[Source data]
- Opening Delimiter -

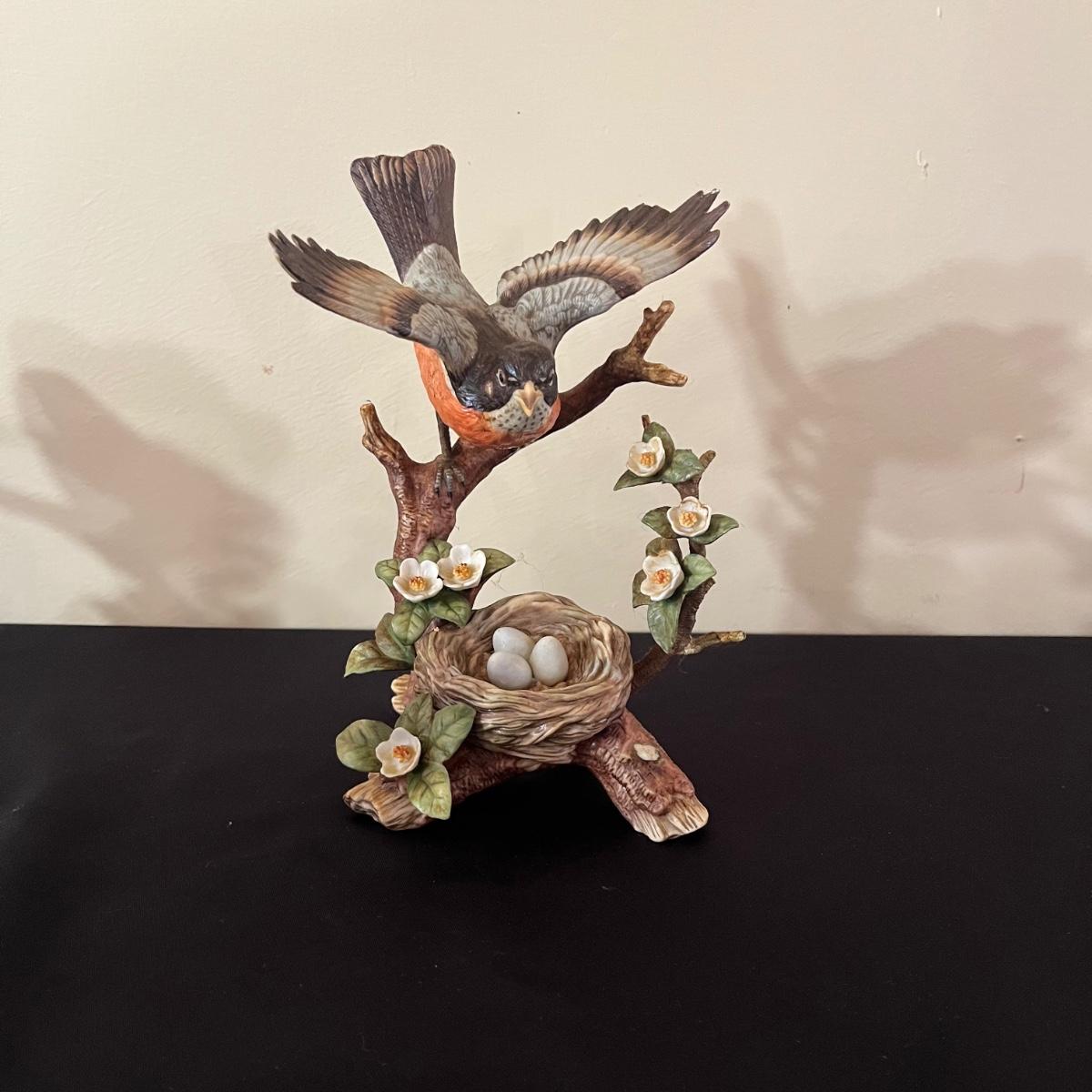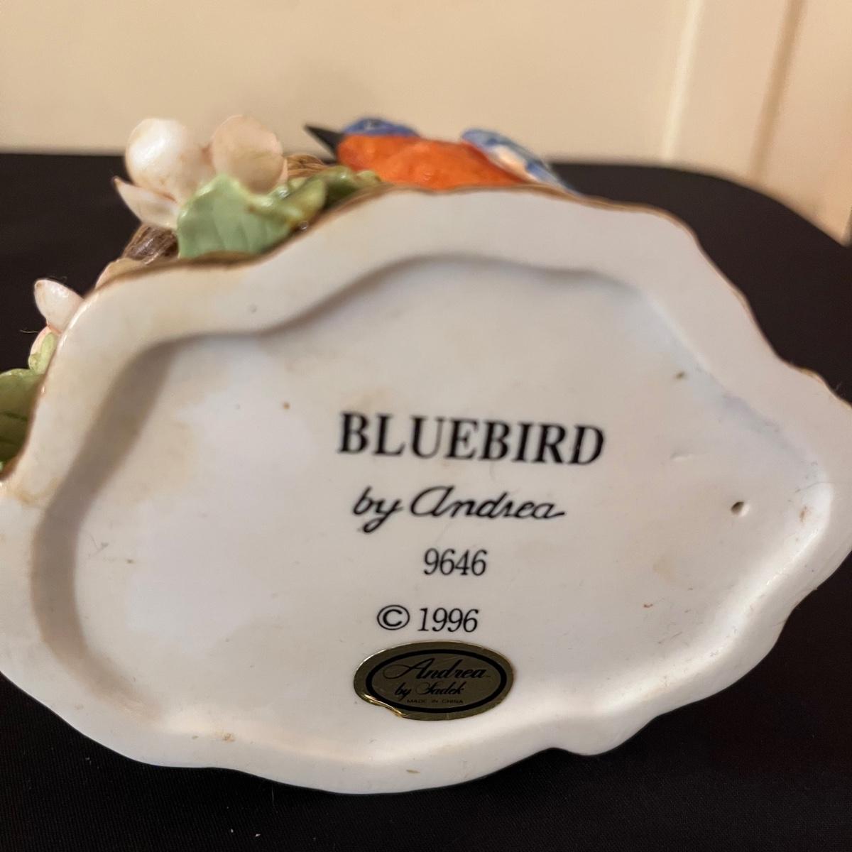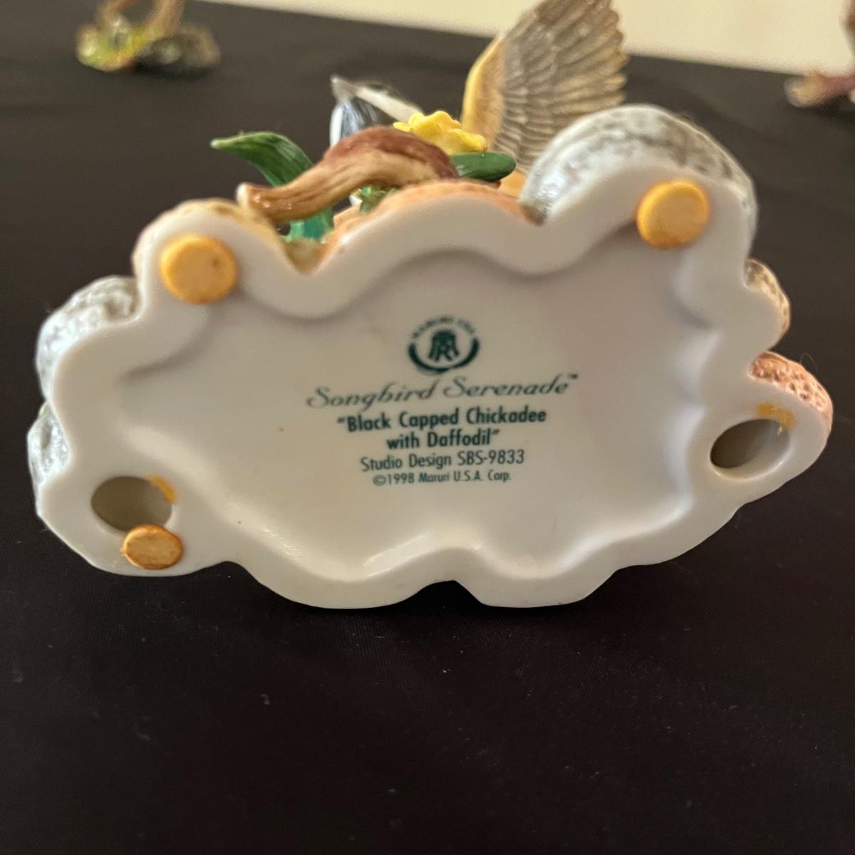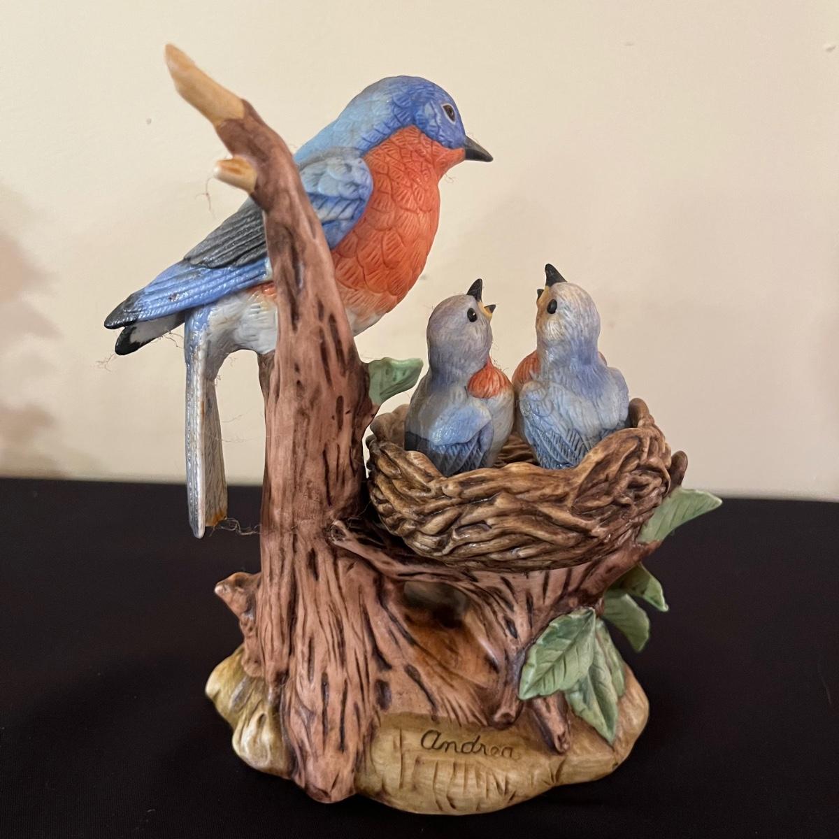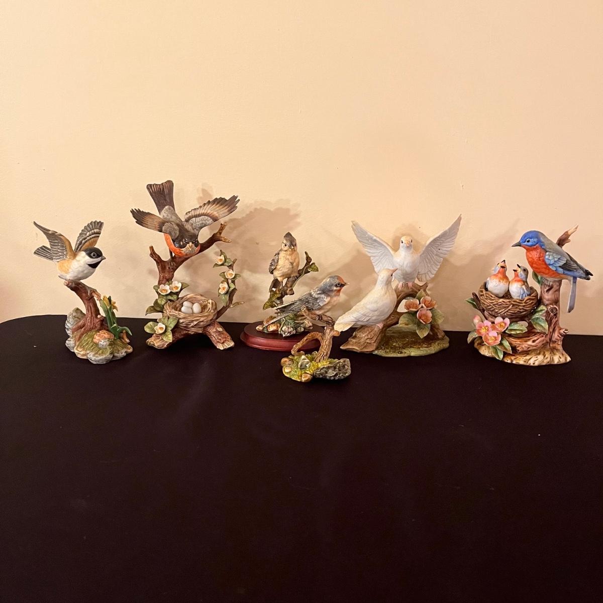 Lot includes two Songbird Seranade figurines, two Andrea by Sadek figurines, Premier figurine and a unmarked figurine. All figurines are ceramic and the largest measures 5.5” x 6.5” x 7.5”.
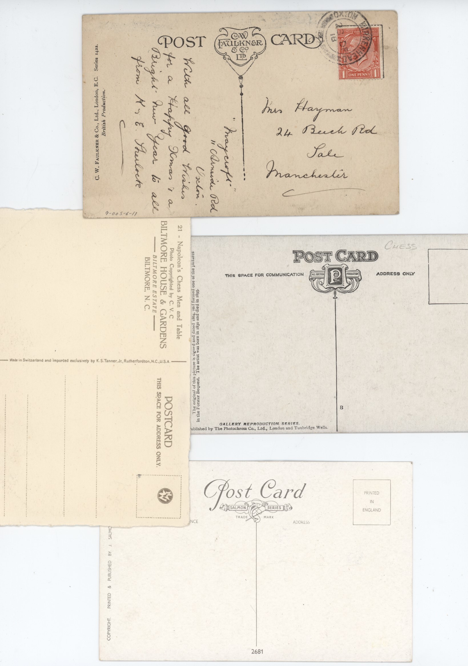 A small collection of 8 postcards featuring chess. Four early twentieth century cards including one of Napoleon's set at Biltmore House and one postally used and dated 1918. Also includes four cards published in Montreal in 1974.
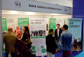 Lors du Sommet, la SGI a également présenté une exposition intitulée « Restaurer notre humanité », co-organisée avec le Asian Disaster Risk Reduction Network (ADRRN), à laquelle est venue Dr Jemilah Mahmood, sous-secrétaire générale de la Fédération internationale des Sociétés de la Croix-Rouge et du Croissant-Rouge (IFRC), en charge des partenariats. Elle a fait l’éloge de la SGI pour ses actions et souhaite que les partenariats entre le IFRC et la SGI se développent.
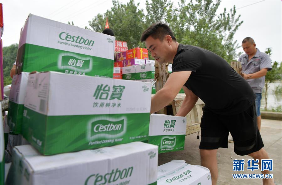7月13日,在江西省九江市柴桑区江新洲江洲镇前埂村,36岁的张选多在搬运清点当日运到的防汛物资。张选多从小在江新洲长大,目前在九江市做生意,返乡参与防汛工作后,村里让他负责搬运清点防汛物资。 新华社记者 彭昭之 摄
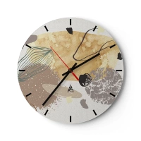 Nástěnné hodiny - Abstraktní linie a skvrny v teplé barevné paletě - 30x30cm - Spontánní kompozice - Moderní nástěnná dekorace do obývacího pokoje, kuchyně a ložnice ARTTOR
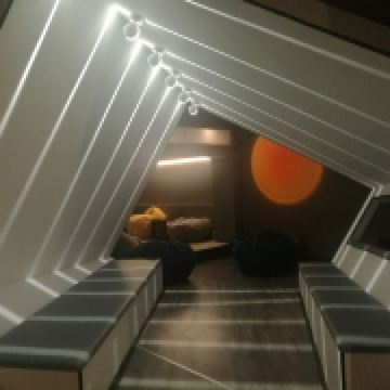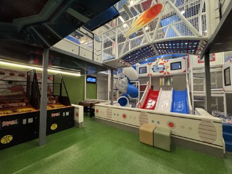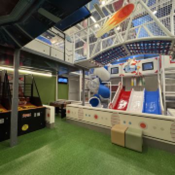 4F休闲娱乐区,独特设计风格的空间,网吧、电竞区、有Ps游戏可以选择;很适合一家三口娱乐,专门有儿童可以娱乐的乐高游戏区和粉红色的海洋球区域。儿童区域安全起见,地面铺的安全泡沫式的防护,可以安心玩耍。
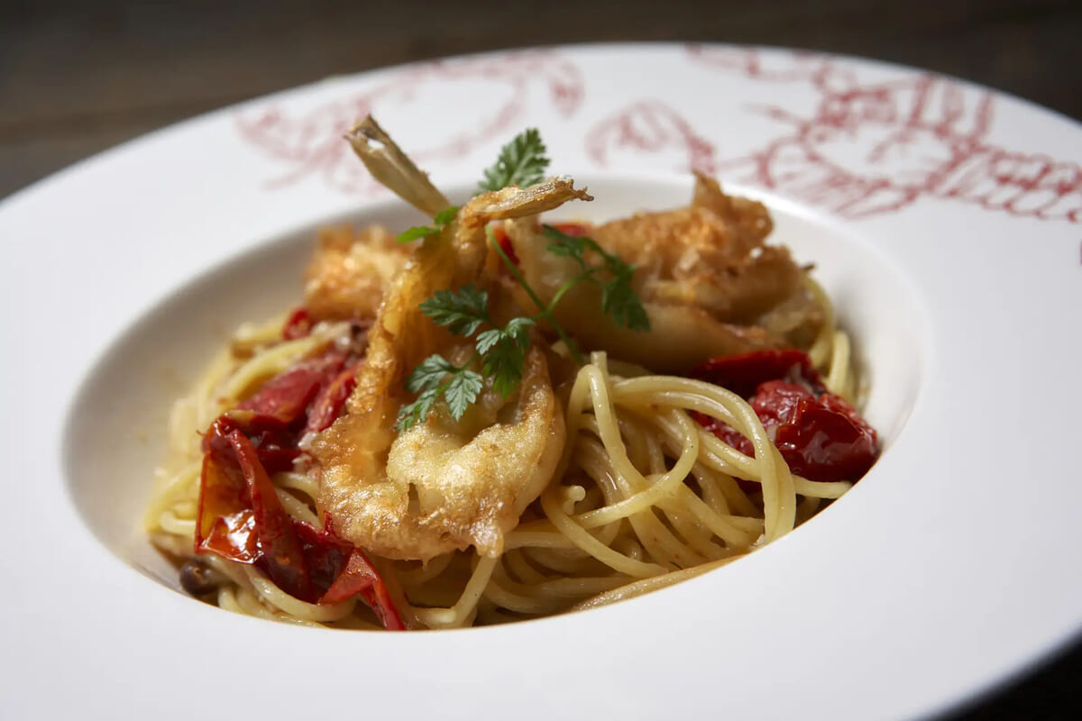 フグのフリットの繊細な旨味とセミドライトマトの甘酸っぱさによる絶妙なバランスを楽しめる「フグとセミドライトマトの贅沢ペペロンチーノ」

- Closing Delimiter -

■ Problem statement ■
For this task, give again exactly the lines from the line with "Lors du Sommet, la" through the end of the entries, including both ends, and omit the pictures.

■ Exercise result ■
 Lors du Sommet, la SGI a également présenté une exposition intitulée « Restaurer notre humanité », co-organisée avec le Asian Disaster Risk Reduction Network (ADRRN), à laquelle est venue Dr Jemilah Mahmood, sous-secrétaire générale de la Fédération internationale des Sociétés de la Croix-Rouge et du Croissant-Rouge (IFRC), en charge des partenariats. Elle a fait l’éloge de la SGI pour ses actions et souhaite que les partenariats entre le IFRC et la SGI se développent.
7月13日,在江西省九江市柴桑区江新洲江洲镇前埂村,36岁的张选多在搬运清点当日运到的防汛物资。张选多从小在江新洲长大,目前在九江市做生意,返乡参与防汛工作后,村里让他负责搬运清点防汛物资。 新华社记者 彭昭之 摄
 Nástěnné hodiny - Abstraktní linie a skvrny v teplé barevné paletě - 30x30cm - Spontánní kompozice - Moderní nástěnná dekorace do obývacího pokoje, kuchyně a ložnice ARTTOR
 4F休闲娱乐区,独特设计风格的空间,网吧、电竞区、有Ps游戏可以选择;很适合一家三口娱乐,专门有儿童可以娱乐的乐高游戏区和粉红色的海洋球区域。儿童区域安全起见,地面铺的安全泡沫式的防护,可以安心玩耍。
 フグのフリットの繊細な旨味とセミドライトマトの甘酸っぱさによる絶妙なバランスを楽しめる「フグとセミドライトマトの贅沢ペペロンチーノ」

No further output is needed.